A company uses a productivity measure to assess how efficiently employees use their time at work
1. We reject the null hypothesis when:
a)our test statistic exceeds our critical value
b)our critical value exceeds our test statistic
c)our critical value equals our test statistic
d)when z = 1.96
e)when z = 2.33
2. When we reject the null hypothesis, we are saying that…
a)we have proven the alternative hypothesis to be true
b)we have proven the null hypothesis to be true
c)our sample is too unlikely to have been produced by the null distribution
d)our sample had a mean approximately the same as the population
e)our sample had a standard deviation smaller than the population
3. As the probability of committing a Type I error goes up:
a)We are more likely to reject the null hypothesis
b)We are less likely to reject the null hypothesis
c)Probability of Type II error goes up
d)Probability of falsely retaining the null goes up
e)Probability of correctly retaining the null goes up
4. If our α = .05, we should make Type I Errors ___% of the time?
5. What’s an example of a situation where someone might prefer to make to make a Type I error rather than a Type II error?
IMPORTANT: For the following three questions, whenever you test a hypothesis, be sure to specify both hypotheses, report the critical Z, the standard error, the test statistic and then make a decision. Report your decision in a sentence.
6. The population of workers in a company take an average of 75 steps (µ = 75 and σ=12) a day. The company wants to see whether providing pedometer (a device that tells people how many steps they’ve taken that day) to their employees would alter the amount of exercise they got. The company selected a sample of 9 employees and provided them with pedometers. This sample of workers took an average of 84 steps a day. Assuming the population is normally distributed, use an alpha of .05 to test the hypothesis that the pedometer altered the number of steps taken.

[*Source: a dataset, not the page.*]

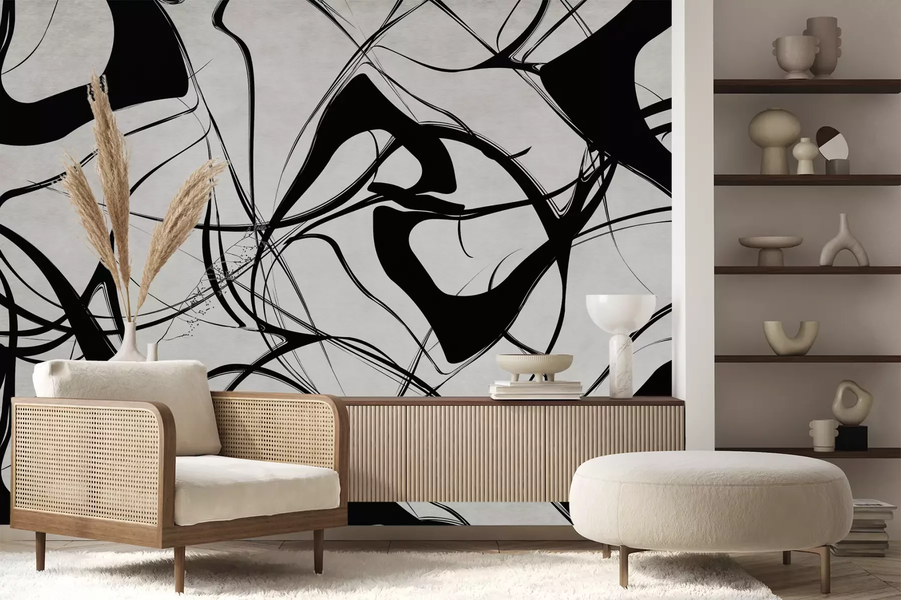 Het materiaal Premium+ is een gestructureerd vinyl op vlies met een gewicht van 255 g/m², dat kleine oneffenheden in de muur effectief camoufleert. De subtiele structuur van fijn zand geeft het oppervlak een exclusieve uitstraling, terwijl de halfmatte afwerking de diepte van de kleuren benadrukt. Het materiaal is dampdoorlatend, waardoor het ook in de keuken en badkamer kan worden gebruikt. De maximale breedte van één baan bedraagt 100 cm – bij grotere afmetingen wordt het fotobehang in meerdere gelijke banen verdeeld. De lijm wordt direct op de muur aangebracht en het behang wordt rand-aan-rand geplakt, wat zorgt voor een esthetisch resultaat zonder zichtbare naden. Het oppervlak kan gemakkelijk worden schoongemaakt door het voorzichtig af te nemen met een vochtige doek.

7. The population of adults with tablets and/or smartphones get an average of 6 hours
(µ = 6 and σ = 2) of sleep a night. To see whether electronic use was interfering with sleep, researchers had a sample of 25 adults turn off their smartphones and tablets 1 hour before going to bed. This sample got an average of 6.7 hours of sleep a night. Assuming the population is normally distributed, use an alpha of .05 to test the hypothesis that turning off their electronics early affected the number of hours of sleep they got.
8. A company uses a productivity measure to assess how efficiently employees use their time at work. The population of employees had an average productivity rating of 55 (µ=55 and σ = 21). To see how working from home (sometimes called telecommuting) would affect productivity the company selected a sample of 49 employees to work from home. Their average productivity rating was 48. Test the hypothesis that working from home affected productivity using an alpha of .01.